Brooke Williams has the best life ever. I can't even talk about it. She had better hurry up and get back to the relatively boring midwest, before I become so jealous I have to move to NYC. I can't believe you sat IN FRONT OF THE STROKES at a Ryan Adams concert that you didn't even have tickets for. How does this happen? That is just....wrong. Not just the fact that you were two feet away from them, but no one should have better seats than The Strokes.

OK, this blog is not about Brooke. If you want to hear about her dumb life in New York, read her blog. No, for real, I heart Brooke.

The Montell Jordon song, This is How We Do It is on....that's a good song. The lady who cleans the house at the Baird's house blasts (at an enjoyable volume) the rap/R & B station. We've bonded. "To all my neighbors, ya got much flava."

OK, as I was telling Katie, I'm trying to let this blog be a little more reflective than it has been in the past. Don't worry, if it starts to get more boring, I'll ramp up the biting sarcasm.

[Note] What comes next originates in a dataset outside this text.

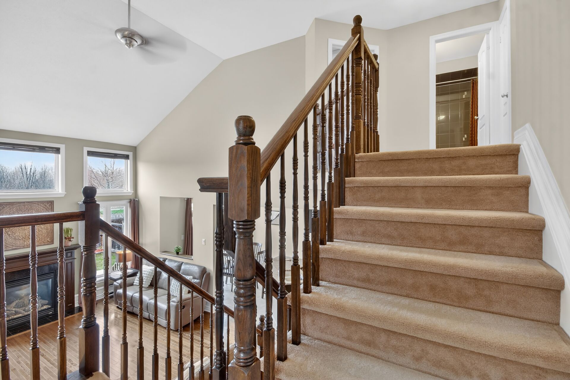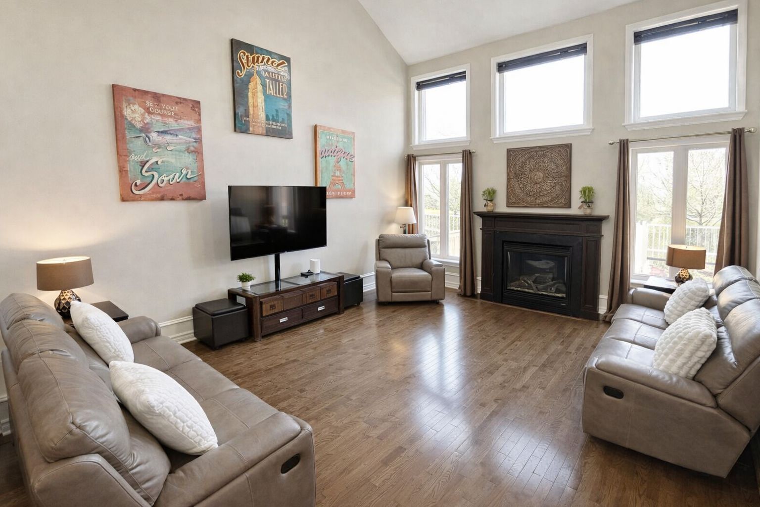 • Open-concept main floor with vaulted ceilings and cozy gas fireplace.

Today I've mostly been thinking about the fact that God chooses us. What a concept. I've been walking around kind of acutely aware of that today, and feeling half in awe of that, and half kind of sheepish and apologetic...like, I know Lord, sometimes you probably can't quite recall why it was exactly that you chose me....I mean, I know God's not really like that...that I kind of "dumb down" his awesomeness because I can't really conceive of how great He is. It's just crazy how one moment you can be deeply aware of God's goodness and hugeness...and the next minute you can't think of one good reason to trust Him. We are so fickle...at least I am. Anyway, I feel like I fluctuate between feeling crappy about how I sinful I am, and being prideful about how great I am. How do we honestly live in the humble confidence that God made us, and that He empowers us to be better? This is what I will be pondering today as I continue to procrastinate. I started knitting again.

OK, I'm going to be disciplined and unpack some things today. I don't know where I will put them, but I'll figure something out. Or I'll knit another yard or two of scarf.